Editorialist: Suchan Park




Generating functions, Faulhaber’s formula, modular inverse, how to compute convolutions using FFT


The problem is short, so just take a look.



\begin{aligned} f(x, k) & = \sum_{n=1}^{N} (x + a_{n})^k \\ & = \sum_{n=1}^{N} \sum_{i=0}^{k} \binom{k}{i} a_n^{k-i} x^i \\ & = \sum_{i=0}^{k} \sum_{n=1}^{N} \binom{k}{i} a_n^{k-i} x^i \\ & = \sum_{i=0}^{k} \left\{\binom{k}{i} x^i \times \left (\sum_{n=1}^{N} a_n^{k-i}\right ) \right\} \end{aligned}

This form immediately suggests, that we might be able to make use of convolutions. If we let L_x(i) = \binom{k}{i} x^i and R(i) = \sum_{n=1}^{N} a_n^{i}, we can write the above equation as:

f(x, k) = \sum_{i=0}^{k} L_x(i) \cdot R(k-i)

However, the first problem we encounter is that x is not fixed, actually there are at most 10^{18} possible values of x. So let’s stop here, and try to write down the equation of g(t, k).

\begin{aligned} g(t, k) & = \sum_{x=0}^{t} f(x, k) \\ & = \sum_{x=0}^{t} \sum_{i=0}^{k} \left\{\binom{k}{i} x^i \times \left (\sum_{n=1}^{N} a_n^{k-i}\right ) \right\} \\ & = \sum_{i=0}^{k} \sum_{x=0}^{t} \left \{ \binom{k}{i} x^i \times \left (\sum_{n=1}^{N} a_n^{k-i}\right ) \right \} \\ & = \sum_{i=0}^{k} \left \{ \binom{k}{i} \sum_{x=0}^{t} x^i \times \left (\sum_{n=1}^{N} a_n^{k-i}\right ) \right \}\\ \end{aligned}

So, this also looks like a convolution. If we let L(i) = \binom{k}{i} \sum_{x=0}^{t} x^i and R(i) = \sum_{n=1}^{N} a_n^{i}, we can write g(t, k) as

g(t, k) = \sum_{i=1}^{k} L(i) \cdot R(k - i)
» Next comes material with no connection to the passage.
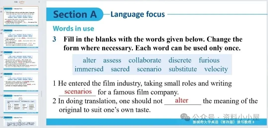 2025年新视野大学英语读写教程3电子版教材+习题答案+课文翻译(第四版)

and this can be computed by FFT. Putting aside of dealing with weird modulo 10^9 + 7, the only thing left is to compute L and R.

Computing L

It is well-known to compute \binom{k}{i}. If we precompute all factorials and inverse of factorials modulo 10^9 + 7, \binom{k}{i} \equiv k! \cdot (i!)^{-1} \cdot \left((k-i)!\right)^{-1} \mod 10^9 + 7.
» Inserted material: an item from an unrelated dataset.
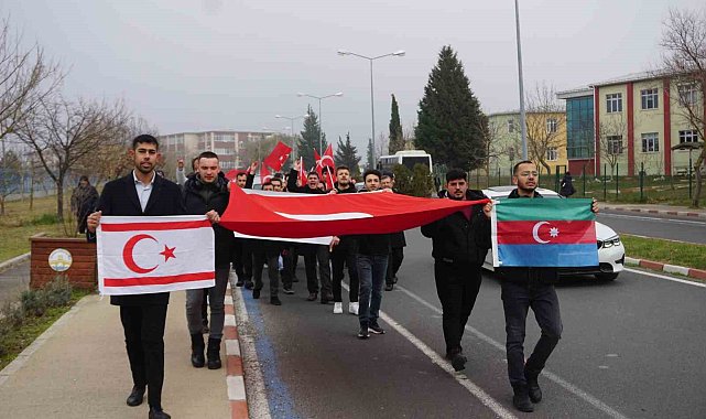Geçtiğimiz günlerde 12 askerin şehit olduğu Irak'ın kuzeyindeki terör saldırılarını kınamak amacıyla bir araya gelen Trakya Üniversitesi Türk Dünyası Kültür Araştırmaları Topluluğu üyesi öğrenciler, ellerinde Türk, Kuzey Kıbrıs Türk Cumhuriyeti, Azerbaycan bayrakları taşıyıp sloganlar eşliğinde yürüyüş yaptı.Trakya Üniversitesi Balkan Yerleşkesi Bolca Ana Yemekhanesi önünde bir araya gelen Trakya Üniversitesi Türk Dünyası Kültür Araştırmaları Topluluğu üyesi öğrenciler, sloganlar eşliğinde yürüyüş yaparak terörü lanetledi.Türkan Sabancı Kültür Merkezi önüne kadar yürüyüş yapan öğrenciler, burada bir basın açıklamasında bulundu.Grup adına açıklamayı okuyan Trakya Üniversitesi Türk Dünyası Kültür Araştırmaları Topluluğu Başkanı Mustafa Demir, Milli hassasiyetleri körelen Türk milletini yeniden canlandırarak ayağa kaldırmanın gençlerin elinde olduğuna dikkat çekti.Hainlerin savurduğu tehditlerden korkmadıklarını belirten Demir, "Yöneltecekleri her türlü saldırıyı da iman dolu göğsümüzde durduracağımızı beyan ediyoruz. Türk milliyetçisi öğrenciler olarak, dağlarda, mecliste ve kampüslerde yuvalanan tüm teröristlere karşı mücadelemiz, son nefer, son nefes ve son damla kana kadar olacak. Şu hiçbir zaman unutulmasın ki, bizler, "Vatanını en çok seven, görevini en iyi yapanadır" şiarıyla hareket eden Türk milliyetçisi öğrenciler olarak, memleketimizin hiçbir zaman gerilemesine izin vermeyeceğiz" şeklinde açıklamada bulundu."Tüm şehitleri rahmetle anıyoruz"Tüm şehitleri rahmetle andıklarını söyleyen Demir, "Büyük Türk milletine başsağlığı diliyorum. Doğum sancısı çeken bu topraklar üzerinde artık biz ölmeyeceğiz" dedi.

Let’s deal with the \sum_{x=0}^{t} x^i part. The form seems so well-known, so when we google it, we are able to find the solution - Faulhaber’s formula (I changed the names of variables to match with our problem)

\sum_{x=0}^{t} x^i = \frac{t^{i+1}}{i+1} + \frac{1}{2} t^i + \sum_{k=2}^{i} \frac{B_k}{k!}\frac{i!}{(i-k+1)!}t^{i-k+1}

where B_{k} are Bernoulli numbers. Suppose we don’t know what it is.

The first two terms are straightforward to calculate. We just need the modular inverses of 1, 2, \cdots, k. The rightmost term seems complicated, but if we assume we know the values of B_{k}, we can see, from k and i-k,

\begin{aligned} \sum_{k=2}^{i} \frac{B_k}{k!}\frac{i!}{(i-k+1)!}t^{i-k+1} & = i! \cdot \sum_{k=2}^{i} \frac{B_{\color{red}k}}{{\color{red}k}!}\frac{t^{{\color{red}i-k}+1}}{({\color{red}i-k}+1)!} \end{aligned}

are actually convolutions, with k = 0 and k = 1 excluded. So we can easily compute these values for all i, if we know the values of B_{k}.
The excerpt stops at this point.